# extended success



## basinbowhunter (Jan 19, 2009)

I frequent this site alot and rarely post. Most are talking about how bad a year it was for the deer. that being said, I thought I would post my buck. I was fortunate enough to harvest this buck on Oct. 15th in the extended area of the Uintah basin. I had been watching him for a while and he finally made a mistake. I was able to get a 16 yard shot. He was on private property. He scores 133. As much complaining that goes on about the DWR, I am grateful for the opportunity the state gives us archers to hunt the extended areas and seasons. Thank You.


----------



## dkhntrdstn (Sep 7, 2007)

Nice buck there.


----------



## Mountain Time (Sep 24, 2007)

Congrats on a great buck with your bow. 16 yard shot.....now that's woodsmanship!


----------



## Nor-tah (Dec 16, 2007)

Nice


----------



## TEX-O-BOB (Sep 12, 2007)

Mountain Time said:


> Congrats on a great buck with your bow. 16 yard shot.....now that's woodsmanship!
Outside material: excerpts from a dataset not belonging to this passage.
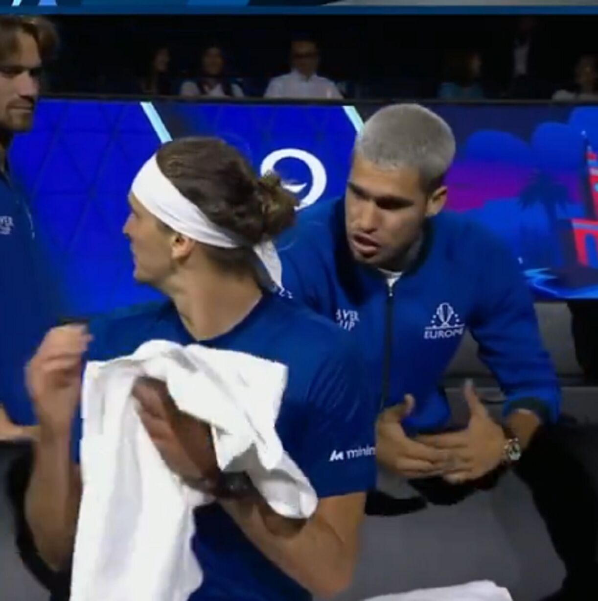 Un mal gesto o una mala interpretación de lo que ocurrió, pero la imagen se está haciendo viral y deja en bastante mal lugar a Alexander Zverev. Fue en la Laver Cup, el torneo tenístico que enfrenta por equipos a Europa contra el Resto del Mundo. En un momento dado Carlos Alcaraz quiso ayudar a Zverev durante el partido del alemán y este no le hizo ni caso.
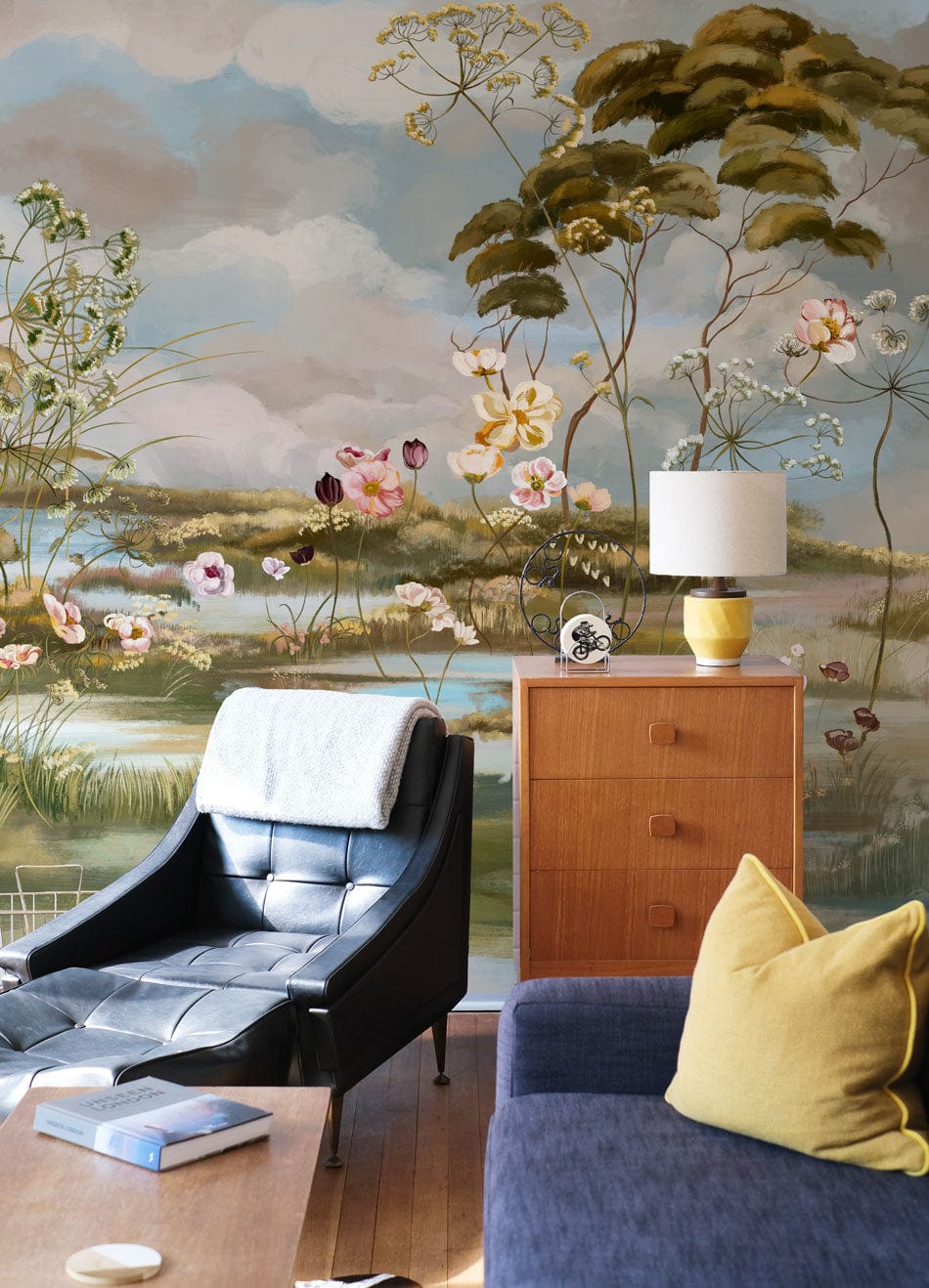Immerse your space in the serene elegance of this Vintage Flower Scenery Wallpaper Mural, where delicate blossoms bloom amidst tranquil blue and muted green hues. The intricate artistry captures nature's timeless beauty, making it a refined addition to any interior. Ideal for cultivating a calm and sophisticated atmosphere, this mural complements both classical and modern settings effortlessly.
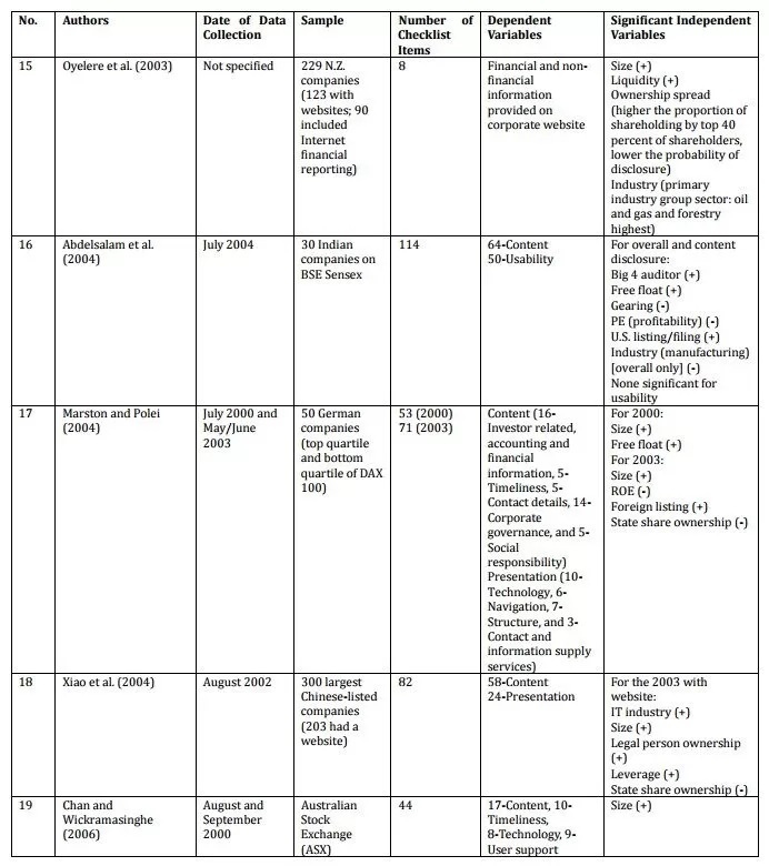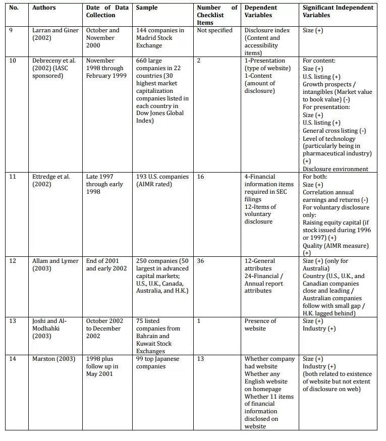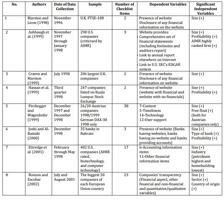 Table 1: Summary of Selected Empirical Studies Addressing Determinants of Internet Financial Reporting
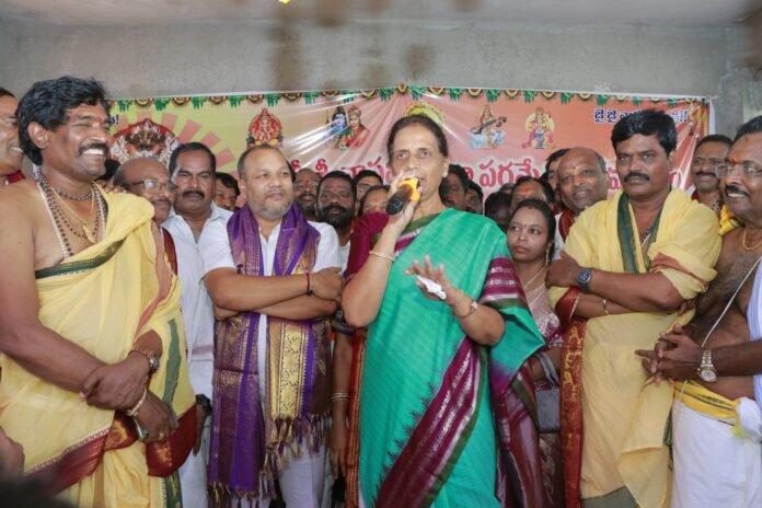 కన్యకా పరమేశ్వరి అమ్మవారి ఆశీస్సులతో ప్రజలందరూ సుఖసంతోషాలతో, చల్లగా ఉండాలని మాజీ మంత్రి, ఎమ్మెల్యే సబితా ఇంద్రారెడ్డి అన్నారు. మీర్ పేట్ డివిజన్ పరిధిలోని జిల్లెలగూడ ఎమ్మెల్యే క్యాంప్ కార్యాలయం సమీపంలో నూతనంగా నిర్మించిన శ్రీశ్రీశ్రీ వాసవి కన్యకా పరమేశ్వరి దేవస్థానం ప్రారంభోత్సవ కార్యక్రమాన్ని ఆలయ కమిటీ చైర్మన్ తేరటిపల్లి శ్రీనివాస్ గుప్తా, అధ్యక్షుడు పచ్చిపులుసు శ్రీరామచంద్రమూర్తి గుప్తా, ప్రధాన కార్యదర్శి ఇరువెంటి సురేష్ గుప్తా, కోశాధికారి గందె వెంకటేశ్వర్లు గుప్తా, కమిటీ సభ్యులు అంగరంగ వైభవంగా నిర్వహించారు. ఆలయంలో శ్రీ వాసవి కన్యకా పరమేశ్వరి అమ్మవారు, శ్రీ గణపతి స్వామి, స్పటిక లింగ సహిత సరస్వతి దేవి విగ్రహాల ప్రతిష్టాపనతో పాటు ధ్వజస్తంభ ప్రతిష్ట కార్యక్రమాలు నిర్వహించబడ్డాయి. భారీ ఎత్తున అన్నదాన కార్యక్రమం నిర్వహించారు. విచ్చేసిన భక్తులకి ఎలాంటి ఇబ్బందులు లేకుండా ఆలయ కమిటీ సభ్యులు అన్ని ఏర్పాట్లు చేశారు. ఈ కార్యక్రమంలో ఎమ్మెల్యే పట్లోల్ల సబితా ఇంద్రారెడ్డి, రాష్ట్ర బీజేపీ కో-ఆపరేటివ్ సెల్ కన్వీనర్ కొలన్ శంకర్ రెడ్డి పాల్గొని ప్రత్యేక పూజలు నిర్వహించారు. ఈ సందర్భంగా ఎమ్మెల్యే సబితా ఇంద్రారెడ్డి మాట్లాడుతూ.. స్త్రీల ఆత్మగౌరవాన్ని చాటిచెప్పిన కలియుగ పార్వతీదేవీగా అమ్మవారిని భక్తులు కొలుస్తారన్నారు. అహింస, ఆత్మ త్యాగం, శాంతి, ధర్మ నిరతికి ప్రతిరూపం అమ్మవారు. దేశవ్యాప్తంగా ఆర్య వైశ్యులతో పాటు అన్ని వర్గాల ప్రజలు అమ్మవారిని కొలుస్తారన్నారు. వైశ్యులంతా ఐక్యమత్యంగా ఉండి వాసవి మాత జయంతిని ఘనంగా నిర్వహించుకోవాలని తెలిపారు. వాసవి మాత సంకల్పంతోనే దేవాలయ నిర్మాణాన్ని నిర్మించడం జరిగిందని, ఆ నిర్మాణంలో తన పాత్ర ఉండడం ఎంతో సంతోషమని అన్నారు. దేవాలయ నిర్మాణానికి కమిటీ సభ్యులు ఎంతో కష్టపడ్డారని, వారు ఎన్నో జన్మల పుణ్యఫలం వల్లనే ఈ సంకల్పం నెరవేరిందని అన్నారు. మీర్పేట, బడంగ్ పేట, జల్పల్లి ఆర్యవైశ్య సంఘాలన్నీ ఐక్యంగా ఉండాలని సూచించారు. అనంతరం మిషన్ భగీరథ కార్పోరేషన్ వైస్ చైర్మన్ ఉప్పల వెంకటేష్ గుప్తా మాట్లాడుతూ.. ఈ వాసవి మాత దేవాలయ నిర్మాణానికి భూమి కేటాయించిన సబితా ఇంద్రారెడ్డికి కృతజ్ఞతలు తెలిపారు. వైశ్య పేద విద్యార్థుల చదువు కోసం బాలాపూర్ మండలంలో ఓ విద్యాలయాన్ని ఏర్పాటు చేస్తే తనవంతుగా రూ. 50 లక్షలు అందజేస్తానని సభా ముఖంగా తెలియజేశారు. అందులో ఆర్యవైశ్య పేద విద్యార్థులతో పాటు, సమాజంలోని పేద వర్గాలకు కూడా స్థానం కల్పించి విద్యను అందజేయాలని కోరారు.

Couldn't have said it better myself. :wink:


----------



## bwhntr (Sep 12, 2007)

Nice buck!


I didn't think anybody with training wheels could possess woodsmanship...now I'm confused. :? 8) Do you think you could have backed up 60 yards or so and then shot?


----------



## torowy (Jun 19, 2008)

great buck


----------



## tuffluckdriller (May 27, 2009)

Sweet Buck! Good Job on the Basin Extended. I'm hoping to connect some time soon on a bull and a buck... we'll see. Someone shot the 9x7 bull that was coming on to the ranch I hunt in Talmage. He got it on the muzzle loader elk hunt last weekend...


----------



## middlefork (Nov 2, 2008)

bwhntr said:


> Nice buck!
> 
> I didn't think anybody with training wheels could possess woodsmanship...now I'm confused. :? 8) Do you think you could have backed up 60 yards or so and then shot?


Classic! :mrgreen:

Good job on a great deer.


----------



## swbuckmaster (Sep 14, 2007)

nice going! nothing better then getting it done close!


----------



## AF CYN (Mar 19, 2009)

Basinbowhunter, you are the man! Unfortunately, I don't believe you about the 16 hard shot. It is impossible to get that close to a deer without scentlock and full camo.  

Good job. That is a great buck, especially with a bow.


----------



## ridgetop (Sep 13, 2007)

I think some on this forum can tell you how easy it is to miss at 16 yards. :lol: Nice buck man 8)


----------